We recommend you from our experience, but in light
of the faster and newer cracking ways out, these are worth reviewing.
1.
Always Avoid Easiest Password Formulas
Here the biggest problem is, we are all filling our
passwords the same way (in here some companies limit the password length and
ask to require certain types of characters as well). When companies ask to use
mix of upper and lower case letters, numbers, and symbols, most of us exactly
follow below patterns:
- We use a name, place, or common word as password, e.g.,
"zibooz" (Women tend to use their personal names and men tend to
use their favorite hobbies)
- Sometimes we capitalize the first letter: "Zibooz"
- Sometimes we add a number, most likely 1 or 7, at the end of our
password: "zibooz1" or “Zibooz7”.
- Sometimes we add one of the most common symbols like (~,!, @, #, $,
%, &,?) at the end of our password: "ziboz@" or “Zibooz!!”.
Not only these patterns are obvious to professional
password, but also you use with substituting vowels for numbers
("Zibooz7!") or adding another word ("Zib00z1!")
wouldn't help you much as you think about your password, since hackers are
using the patterns against our preference and adding words from the master crack
lists together.
Other clever & complicate techniques, such as
shifting keys to the right or left or using other keyboard patterns are
also now cracked up by hackers hacking tools. According to a commenter, who
wrote in the Ars Technica article that hackers use keyword walk generators to
match millions of keyboard patterns.
The solution: Please don't do that, what everyone
else is doing. Just avoid the patterns above & remember the basics: don't
use a single word from dictionary, names, or dates in your password; you can
use a mix of both character types (including spaces or caps locks); and try to
make your passwords as long as possible. If you have a suggestion for how you
create memorable passwords, it's only secure if no one else is following that
suggestion. You can check out IT security pro Mark Burnett's collection
of the top 10,000 most common passwords, which he says
represents 99.8% of all user passwords from leaked databases, or this list of 500 most common passwords in one page.
2.
Can use Random Passwords
You can use multiple uncommon words for your strong
& long password. With using a passphrase is more secure and more memorable than complicated
but shorter passwords, as web comic Xkcd pointed last year. Longer but simpler
passwords are more complex—but only if the words you use are truly random as
well. If you're using a common quote as your password or saying for your
passphrase, you're a target, because hackers' have dictionaries which include
common quotes, phrases, titles, and lyrics and they can easily imply rules to
use just using the first letter of each word or other similar pattern. "To
be or not to be" and "2b30rn0t2b3" and "tbontb" might
take just seconds to crack by using fast algorithms, so have to make your passphrase truly unique and random.

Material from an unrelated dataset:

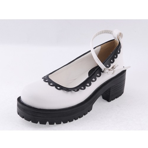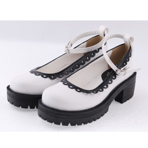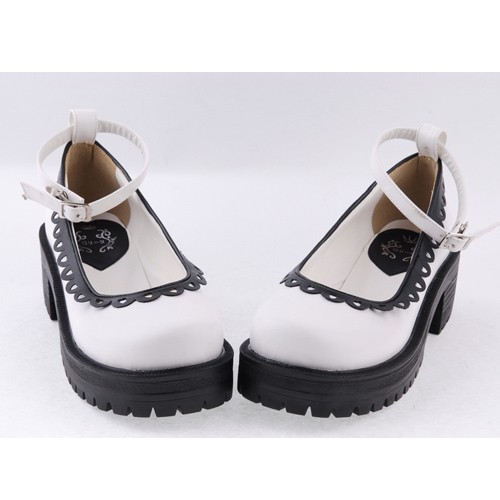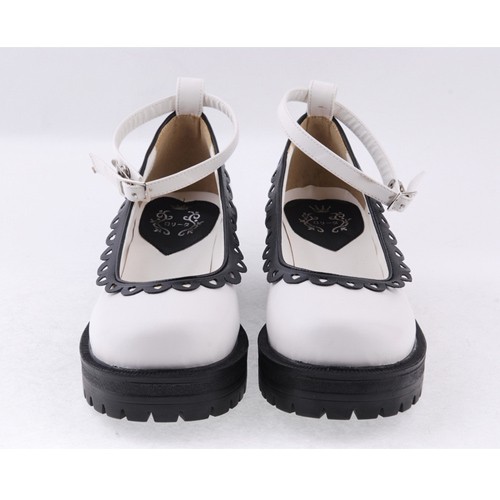 White2.2″talon haut en cuir synthétique ronde Glamorous Toe cheville sangles Plate-forme Filles Chaussures Lolita

(The Xkcd password generator can pick four random
words for you).
You can use a password generator and manager. While the
passphrase approach might work well , and your computer login or the few cases
you need to remember your password, this is the best option is to generate a
truly random, long, and complex password. It is hard to crack password by the
hackers because of it patterns and word lists. Here are some website like LastPass, KeePass, or 1Password ,
who can generate a random password for your preference. You can see this
article for better understanding how to build a nearly hack-proof password system with
LastPass as well as detailed instructions. Always, remember that the only secure password is the one you can't remember.
3. Always try to use a Unique Password for Each Site
Whatever the passwords you choose or create, this is the
most important security strategy of all of you guys: Use a different password
for each site if possible, if you maintain this you will be secure. Any hacker
can’t hack your password. The limit of the character is up to you. If your
password is compromised on different passwords for different sites, at least
all your accounts are protected.
Does this article helpful for you or Do you add up any
formula that you know? You are most welcome to add any idea about this article.
Let us know about your comments or recommendation in comment section.